The chemical name above is inconsistent with the structure…there is no stereochemistry in the molecule displayed despite the “-D-” in the name. The IUPAC name listed in the Drugbank record is “[(2R,3S,4R,5R)-5-(2,6-dioxo-3,7-dihydropurin-9-ium-9-yl)-3,4-dihydroxyoxolan-2-yl]methyl dihydrogen phosphate” and this clearly does not agree with the displayed structure.

The InChI listed on the record does not include a stereo layer (InChI=1/C10H13N4O9P/c15-5-3(1-22-24(19,20)21)23-9(6(5)16)14-2-11-4-7(14)12-10(18)13-8(4)17/h2-3,5-6,9,15-16H,1H2,(H2,19,20,21)(H2,12,13,17,18)/p+1/fC10H14N4O9P/h11-13,19-20H/q+1). The InChIKey is listed as:

DCTLYFZHFGENCW-NIVOTTSGCB

The Drugbank record links to a structure with full explicit stereochemistry on PubChem here and to the ligand on the PDB ligand database hosted by ChEBI here.

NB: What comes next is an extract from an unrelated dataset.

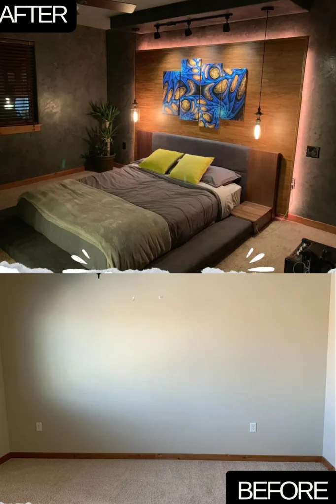 Going from builder-grade blank to industrial chic takes bold choices. u/funktoes311 added horizontal wood plank wall with strategic LED backlighting creating depth, concrete-look accent walls add industrial edge, and that vibrant blue and gold abstract art becomes absolute showstopper. The low platform bed feels modern and grounded, Edison bulb pendants hanging at different heights add interest, and layered bedding in neutrals with pops of chartreuse yellow ties into artwork.

The molfile downloaded from DrugBank has no stereochemistry but lists both Canonical and Isomeric SMILES

Isomeric SMILES O[C@H]1[C@H](COP(O)(O)=O)O[C@H]([C@@H]1O)N1C=[NH+]C2=C1NC(=O)NC2=O
Canonical SMILES OC1C(COP(O)(O)=O)OC(C1O)N1C=[NH+]C2=C1NC(=O)NC2=O

It is clear what has happened, I believe….the Drugbank record has used the canonical SMILES to generate the structure image and has neglected the stereochemistry. However, the names carry the original stereochemistry information while the InChI comes from the structure with no stereo. I think that’s what happened.Let’s confirm.

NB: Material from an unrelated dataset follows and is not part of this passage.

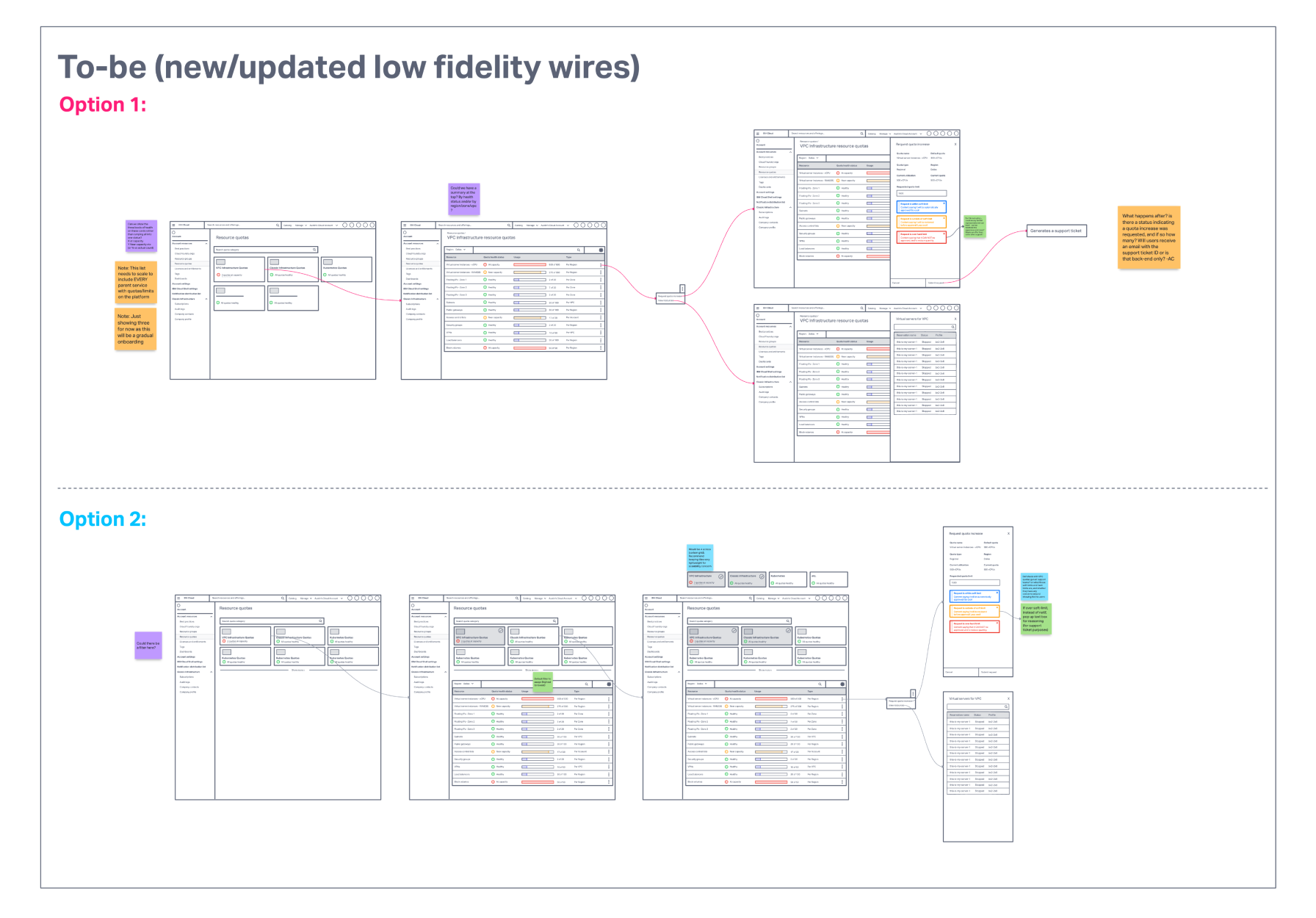 Low-fidelity wireframes were developed by synthesizing findings from competitive analysis, user interviews, and NPS feedback. These initial concepts were successfully validated during team critique sessions, confirming the core Information Architecture and streamlined the Resource Quotas Increase flows.

ASSUMING that the isomeric SMILES string is the appropriate stereochemistry I can convert it and get the following InChIKey (generated using ACD/ChemSketch) and using ACD/Name get the name below). I trust ChemSketch and ACD/Name products to generate both appropriately as I managed these products while at ACD/Labs for over a decade.

DCTLYFZHFGENCW-NSVMUQOTBF

9-{(2R,3R,4R,5S)-3,4-dihydroxy-5-[(phosphonooxy)methyl]tetrahydrofuran-2-yl}-2,6-dioxo-2,3,6,9-tetrahydro-1H-purin-7-ium

On Drugbank the chemical name listed is:

[(2R,3S,4R,5R)-5-(2,6-dioxo-3,7-dihydropurin-9-ium-9-yl)-3,4-dihydroxyoxolan-2-yl]methyl dihydrogen phosphate

Okay…the names are subtly different….but there are 3R and 1S centers in each name but they differ, assuming that the nomenclature programs are using consistent numbering schemes. See below.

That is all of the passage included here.